--- Activity ---
Where the line holding "3872 - مرطبان" appears, start copying, and continue exactly through the last line of the listing, skipping pictures.

══ Raw data ══

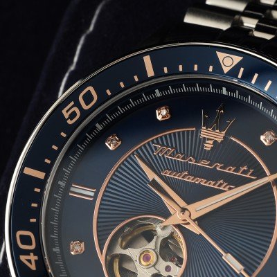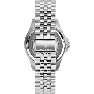 Dit Maserati horloge heeft een kast gemaakt van Roestvrijstaal met een diameter van 44 mm en is voorzien van een Roestvrijstaal band. In de kast bevindt zich een Seiko Instruments Inc. kwaliteitsuurwerk en is afgewerkt met Saffierglas.
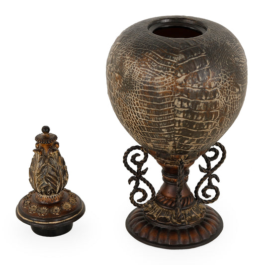 3872 - مرطبان على حامل - قطر 8 × ارتفاع 19 - جلد تمساح معتق/P1040
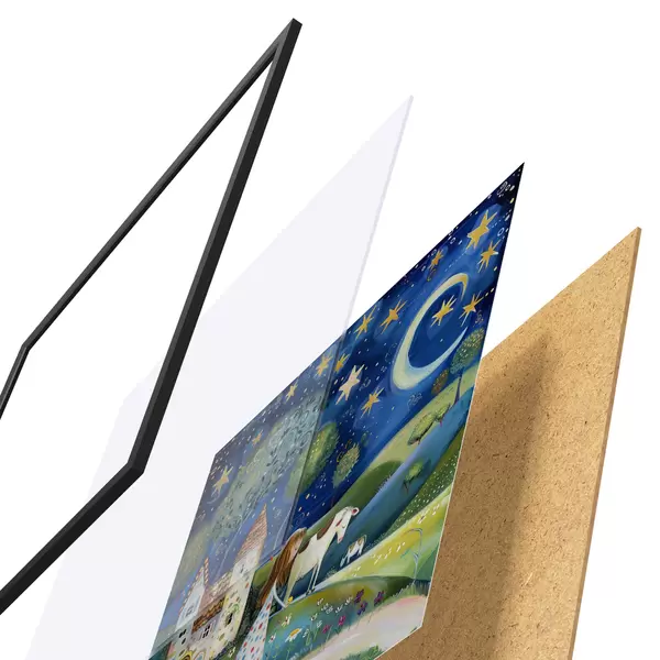 Il poster è composto da cornice, plexiglass, immagine stampata e supporto in truciolato. Il poster può essere immediatamente appeso alla parete grazie ai supporti sul retro.

═══

--- Task output ---
 3872 - مرطبان على حامل - قطر 8 × ارتفاع 19 - جلد تمساح معتق/P1040
 Il poster è composto da cornice, plexiglass, immagine stampata e supporto in truciolato. Il poster può essere immediatamente appeso alla parete grazie ai supporti sul retro.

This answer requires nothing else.